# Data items
•••••

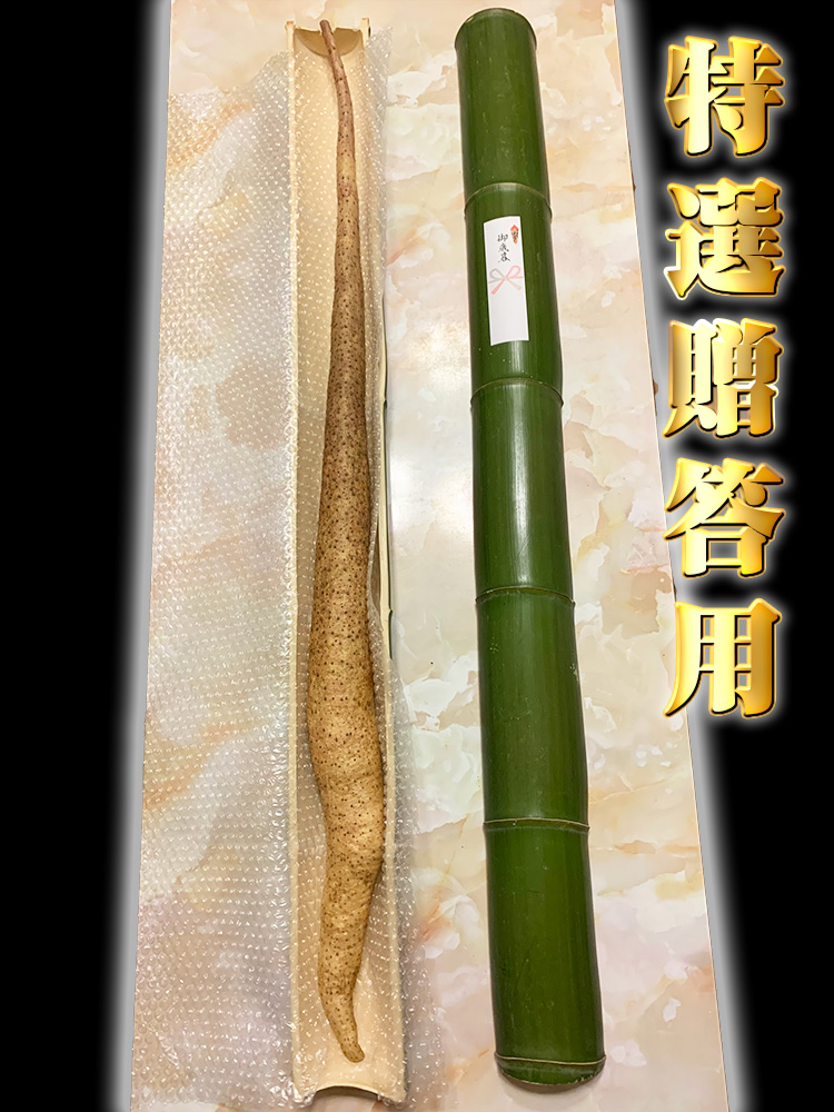 取れた自然薯の中でも数%程しかない大きさ、太さ、形の良さ、どれを取っても申し分の無い自然薯を大切に竹筒に入れてお送りいたします。
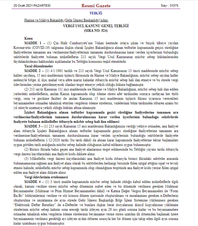 Kovid-19 salgını nedeniyle faaliyetlerine ara verilen iş yerlerinin gelir vergisi, stopaj ve KDV beyannamelerinin verilme ve ödeme süreleri ertelendi.
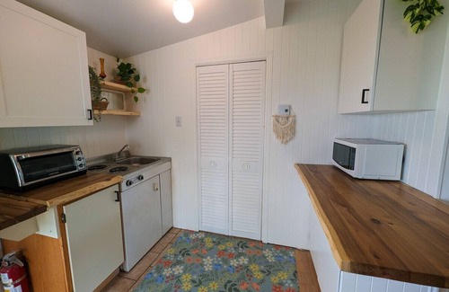 Inside Chalet 3, you'll find a welcoming space. The kitchen is equipped with everything you need to prepare delicious meals. Whether you're cooking a gourmet meal or just warming up a cup of coffee, you'll find everything you need close at hand.
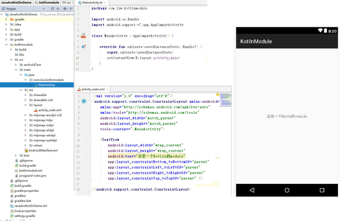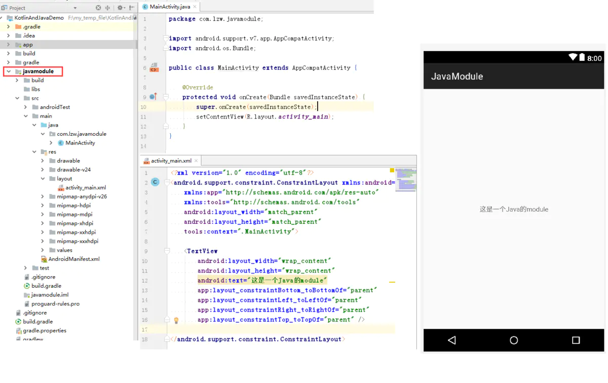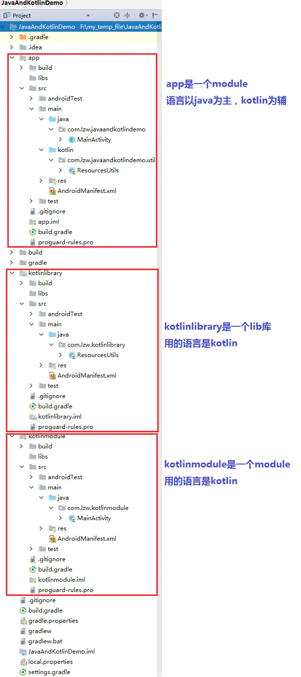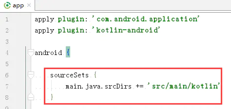 我们还是拿第一个前面的工程KotlinAndJavaDemo为例,我在moduleapp里面同时使用kotlin和java两种语言做开发。 为了便于区分,需要在该module的build.gradle文件做配置。
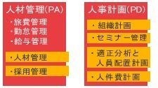 ヒューマンリソース系の業務ソフトは、さらに大きく2つに分類される。人材管理に関わるもの(「PA」と呼ばれる)と、人事計画に関わるもの(「PD」と呼ばれる)である。
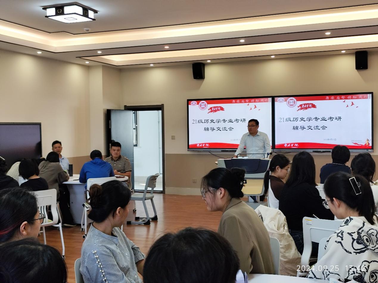 为进一步帮助2025届考研学生通晓研情、科学备考,了解学生复习准备情况,9月25日下午,历史学教研室于文化影像体验实验室召开2021级历史学专业考研辅导交流会。历史学专业教研室代表教师、2021级考研学生参加交流会。
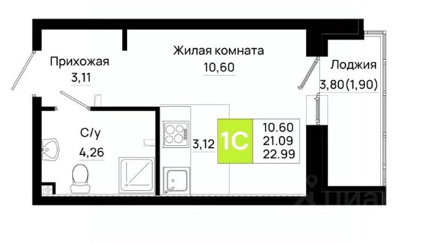 Продаётся студия в сданном доме (Костенко, 12 (Литер 1)), срок сдачи: III-кв. 2025, общей площадью 26.12 кв.м., на 16 этаже. ГOTOBЫЙ PЕМОНТ ПОД КЛЮЧ
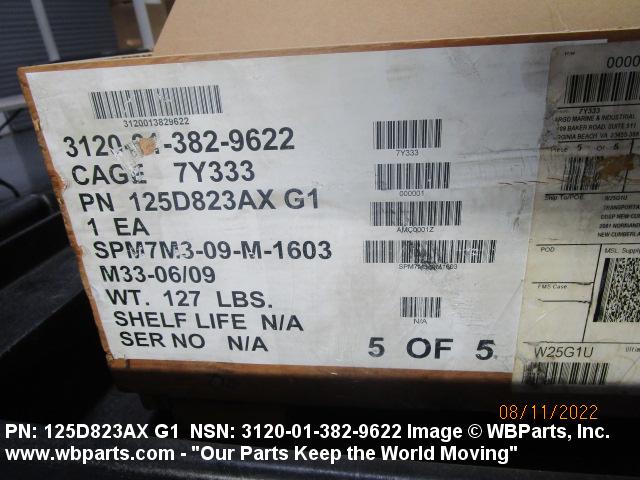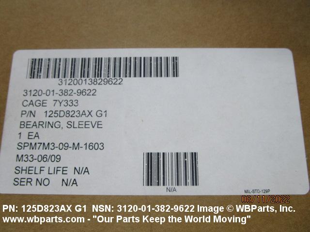 Part Alternates: 125D823AX G1, 125D823AXG1, 3120-01-382-9622, 01-382-9622, 3120013829622, 013829622
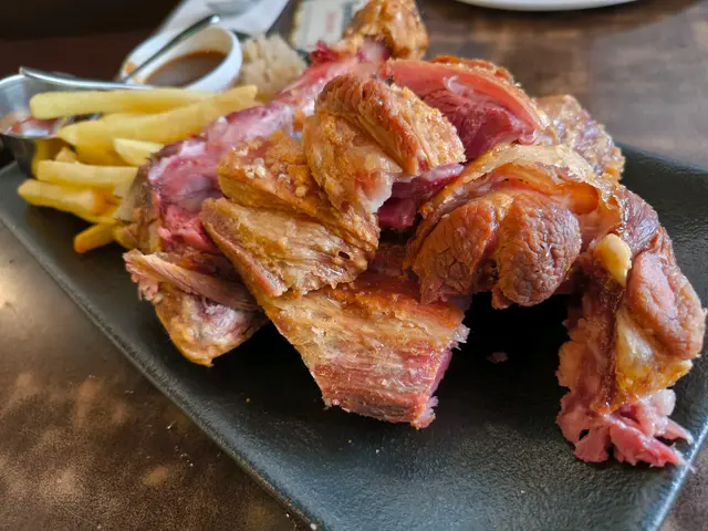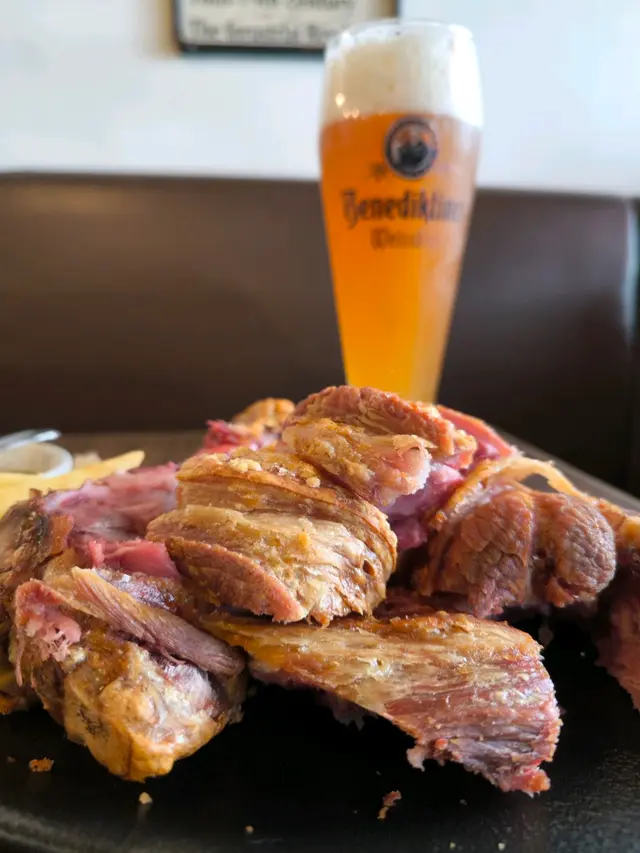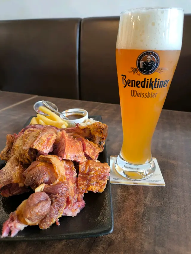 呢間元朗嘅德國餐廳真係好掂,食物質素高,但係價錢又唔貴,可以encore。先講呢個豬扒意粉,好少見呢啲幾十蚊嘅餐啲豬扒煎得咁好,真係煎到外層脆而入面啲肉又唔會韌,睇相就知塊豬扒都幾大塊,而且一碟竟然有兩塊豬扒,至於意粉就唔係白烚完就咁俾你,而係茄汁意粉。紅酒牛尾配薯菜份量足,你睇吓幅相入面幾多牛尾就知道,另外啲牛尾煮得夠林夠入味,係好食嘅。包埋餐湯同埋餐包,啲餐包仲要係一啲都唔求其,跟餐仲有飲品,粟米話唔超值。…查看更多
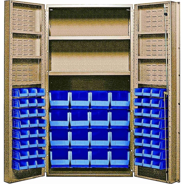 Heavy-Duty 36'' Bin Cabinet, 36''W x 24''D x 72''H, 800 lb. capacity per interior shelf and 60 lb. capacity per door shelf, 14 gauge all welded construction, includes: 2 interior and 6 door adjustable shelves; 16 QUS236 and 16 QUS240 blue bins, beige powder-coated finish
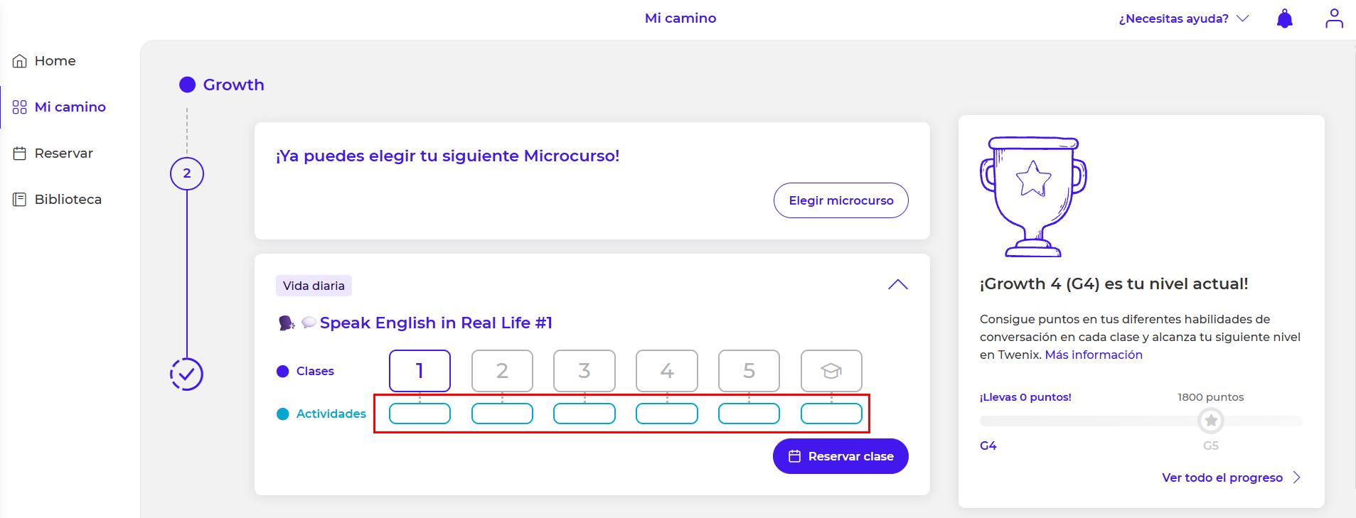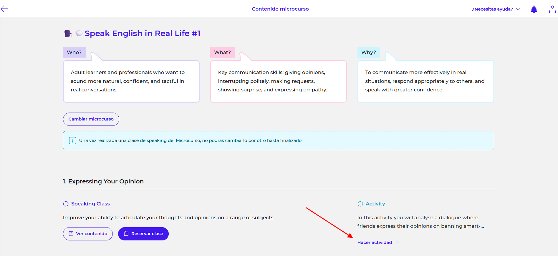 Puedes acceder a las actividades directamente desde el recuadro debajo de la casilla de cada lección, accediendo al contenido del microcurso y haciendo clic en "Hacer actividad":
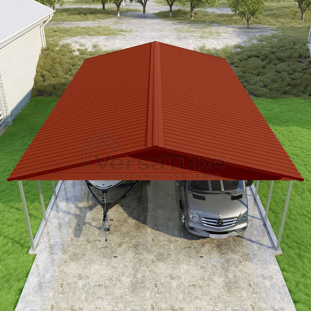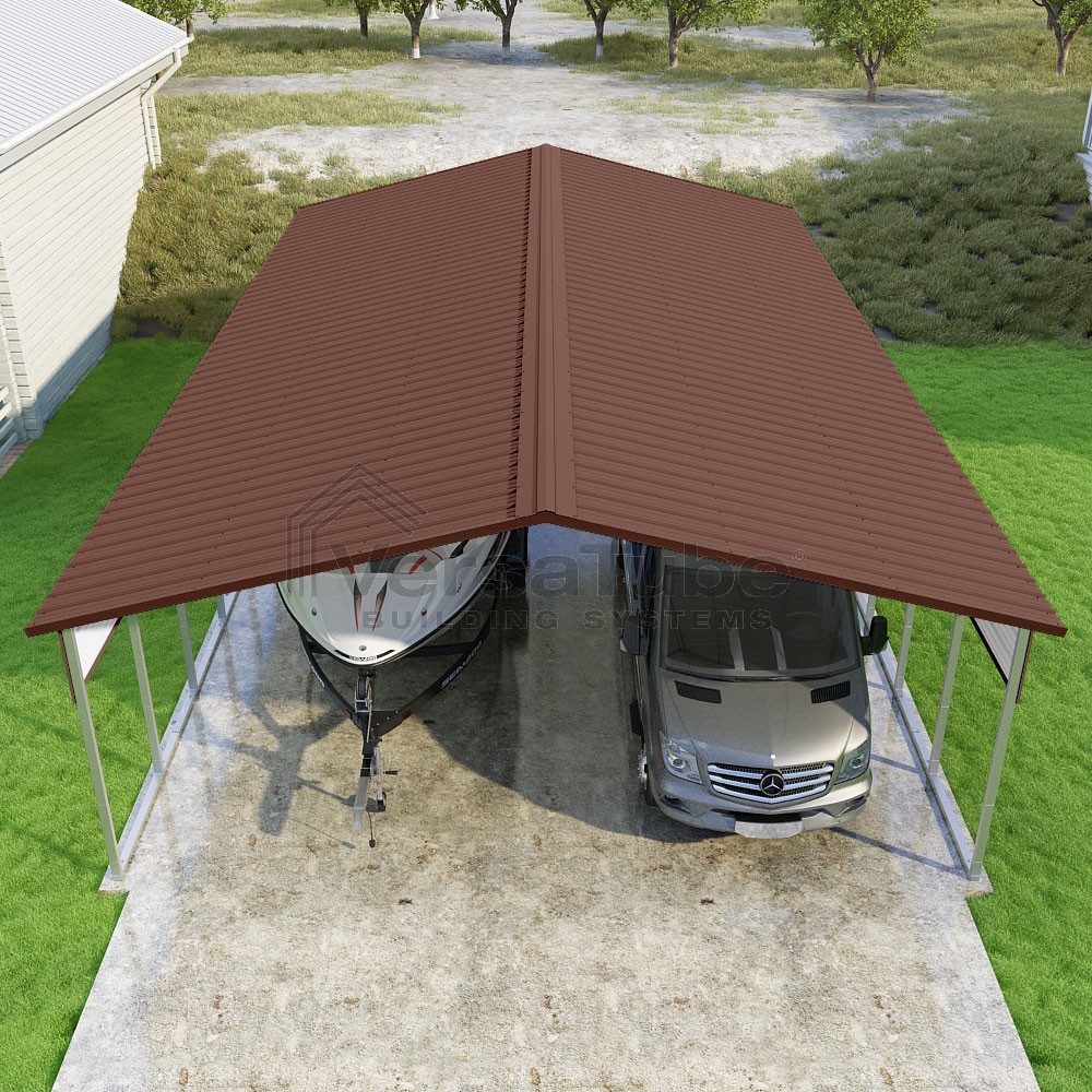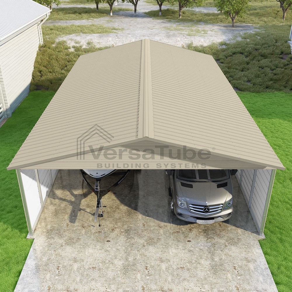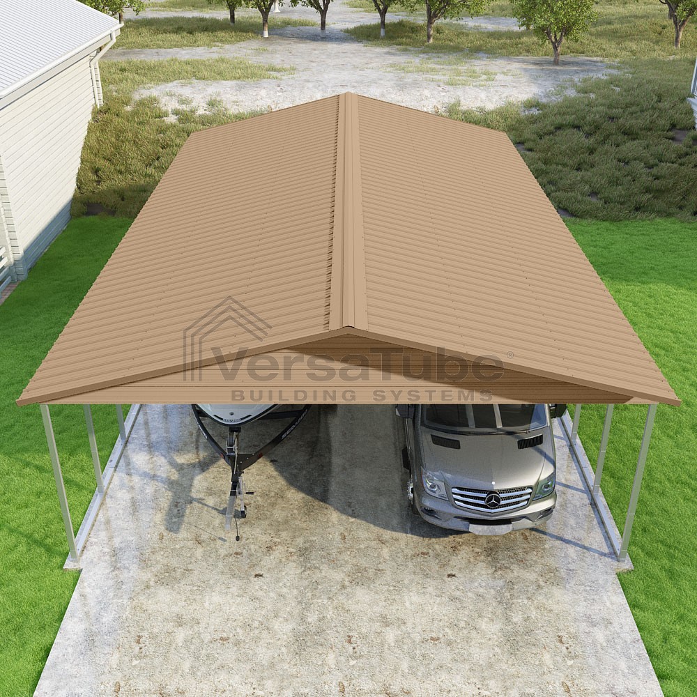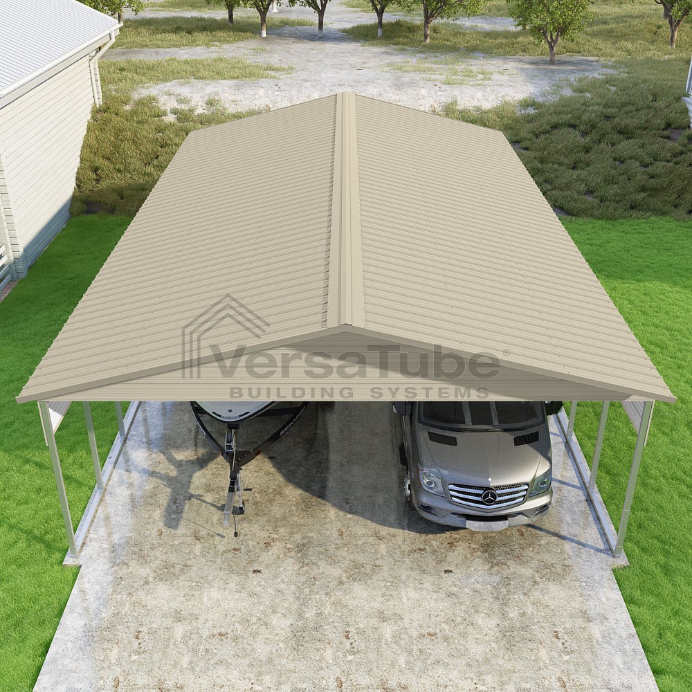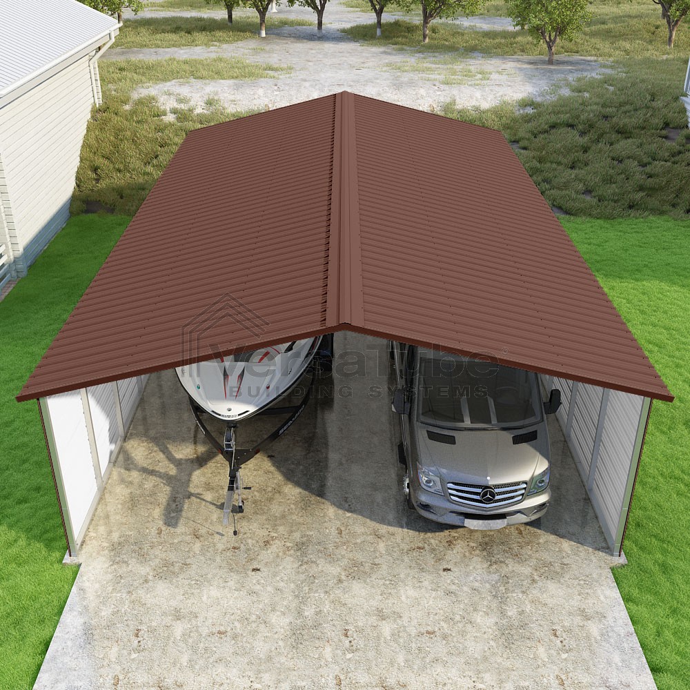 Pinnacle Series DIY carport kit features vertical sheet metal roof panels with ridge cap, gable and eave trim for an A-frame roof style and extended coverage on both ends.

•••••

# Work order
Print nothing but the lines above starting with the line that contains "Inside Chalet 3, you'll" and going on through the line that contains "Part Alternates: 125D823AX". Leave out the pictures.

# Response for this exercise
 Inside Chalet 3, you'll find a welcoming space. The kitchen is equipped with everything you need to prepare delicious meals. Whether you're cooking a gourmet meal or just warming up a cup of coffee, you'll find everything you need close at hand.
 我们还是拿第一个前面的工程KotlinAndJavaDemo为例,我在moduleapp里面同时使用kotlin和java两种语言做开发。 为了便于区分,需要在该module的build.gradle文件做配置。
 ヒューマンリソース系の業務ソフトは、さらに大きく2つに分類される。人材管理に関わるもの(「PA」と呼ばれる)と、人事計画に関わるもの(「PD」と呼ばれる)である。
 为进一步帮助2025届考研学生通晓研情、科学备考,了解学生复习准备情况,9月25日下午,历史学教研室于文化影像体验实验室召开2021级历史学专业考研辅导交流会。历史学专业教研室代表教师、2021级考研学生参加交流会。
 Продаётся студия в сданном доме (Костенко, 12 (Литер 1)), срок сдачи: III-кв. 2025, общей площадью 26.12 кв.м., на 16 этаже. ГOTOBЫЙ PЕМОНТ ПОД КЛЮЧ
 Part Alternates: 125D823AX G1, 125D823AXG1, 3120-01-382-9622, 01-382-9622, 3120013829622, 013829622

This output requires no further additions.